Together is the third album by the San Francisco psychedelic rock band, Country Joe and the Fish, released in 1968. Before recording, Country Joe McDonald briefly left, so for developments with the band, they were addressed just as "The Fish". McDonald would return in time for recording sessions so the name change was relatively brief. Although it was not considered their strongest work, especially since McDonald's superior songwriting presence was absent, Together still was the most financially successful output from the band.
Melton and "Chicken" Hirsh take the role as main songwriters, creating variously different tracks in regards to style. The album begins with a tribute to James Brown with the track "Rock and Soul Music". From there, the band continues its development of psychedelic music with the theme of love and life for their songs. Evidently, the band were still against the Vietnam War as the track "Untitled Protest" suggest. The organ played on the song was called "Death Mantra", the name bestowed upon by McDonald. With the success of the album, the band embarked on a national tour that was also dubbed a success thanks, in part, to their light shows.
Country Joe would not be involved in tracks two and five and would be filled in by studio musicians. This is a beginning of the personnel changes involved with the band's next two albums. Barthol would leave in the following month and Cohen and Hirsh would follow out in January 1969.

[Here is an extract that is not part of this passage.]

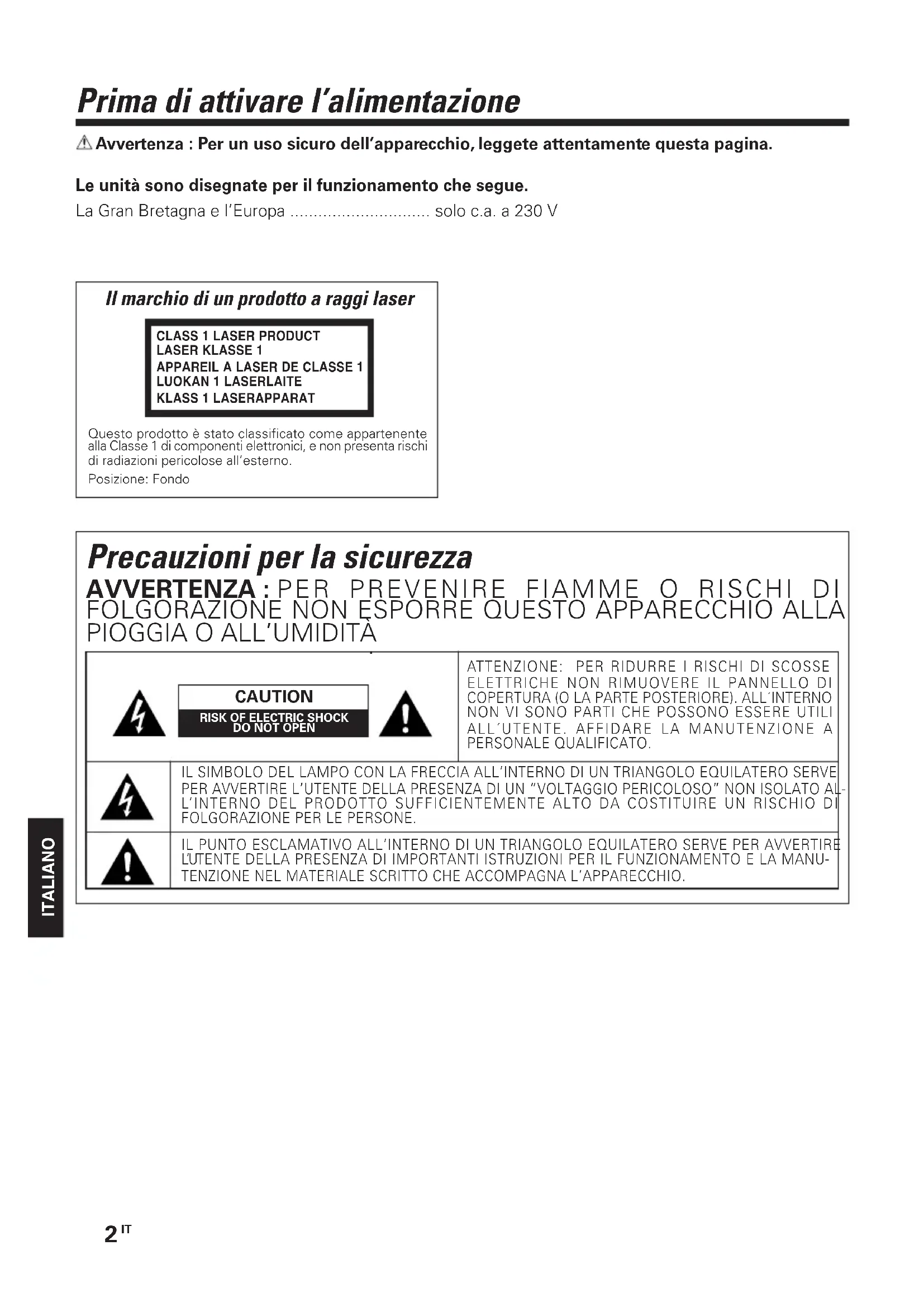 ITALIANO Prima di attivare l’alimentazione Avvertenza : Per un uso sicuro dell’apparecchio, leggete attentamente questa pagina. Le unità sono disegnate per il funzionamento che segue. La Gran Bretagna e l’Europa .............................. solo c.a. a 230 V IL PUNTO ESCLAMATIVO ALL’INTERNO DI UN TRIANGOLO EQUILATERO SERVE PER AVVERTIREL’ U TENTE DELLA PRESENZA DI IMPORTANTI ISTRUZIONI PER IL FUNZIONAMENTO E LA MANU-TENZIONE NEL MATERIALE SCRITTO CHE ACCOMPAGNA L’APPARECCHIO.IL SIMBOLO DEL LAMPO CON LA FRECCIA ALL’INTERNO DI UN TRIANGOLO EQUILATERO SERVEPER AVVERTIRE L’UTENTE DELLA PRESENZA DI UN “VOLTAGGIO PERICOLOSO” NON ISOLATO AL-L’INTERNO DEL PRODOTTO SUFFICIENTEMENTE ALTO DA COSTITUIRE UN RISCHIO DIFOLGORAZIONE PER LE PERSONE.ATTENZIONE: PER RIDURRE I RISCHI DI SCOSSEELETTRICHE NON RIMUOVERE IL PANNELLO DICOPERTURA (O LA PARTE POSTERIORE). ALL´INTERNONON VI SONO PARTI CHE POSSONO ESSERE UTILIALL´UTENTE. AFFIDARE LA MANUTENZIONE APERSONALE QUALIFICATO. Precauzioni per la sicurezza AVVERTENZA : PER PREVENIRE FIAMME O RISCHI DI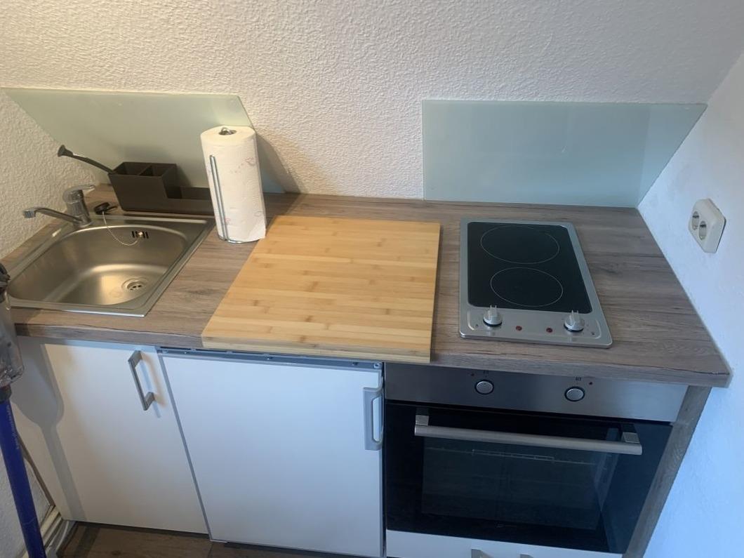 Die kleine Küche verfügt über ein 2-Platten Ceranfeld, Backofen & Kühlschrank.

Country Joe and the Fish was an American psychedelic rock band formed in Berkeley, California, in 1965. The band was among the influential groups in the San Francisco music scene during the mid- to late 1960s. Much of the band's music was written by founding members Country Joe McDonald and Barry "The Fish" Melton, with lyrics pointedly addressing issues of importance to the counterculture, such as anti-war protests, free love, and recreational drug use. Through a combination of psychedelia and electronic music, the band's sound was marked by innovative guitar melodies and distorted organ-driven instrumentals which were significant to the development of acid rock.
The band self-produced two EPs that drew attention on the underground circuit before signing to Vanguard Records in 1966. Their debut album, Electric Music for the Mind and Body, followed in 1967. It contained their only nationally charting single, "Not So Sweet Martha Lorraine", and their most experimental arrangements. Their second album, I-Feel-Like-I'm-Fixin'-to-Die, was released in late 1967; its title track, with its dark humor and satire, became their signature tune and is among the era's most recognizable protest songs. Further success followed, including McDonald's appearance at Woodstock, but the group's lineup underwent changes until its disbandment in 1970. Members of the band continue in the music industry as solo recording artists and sporadically reconvene.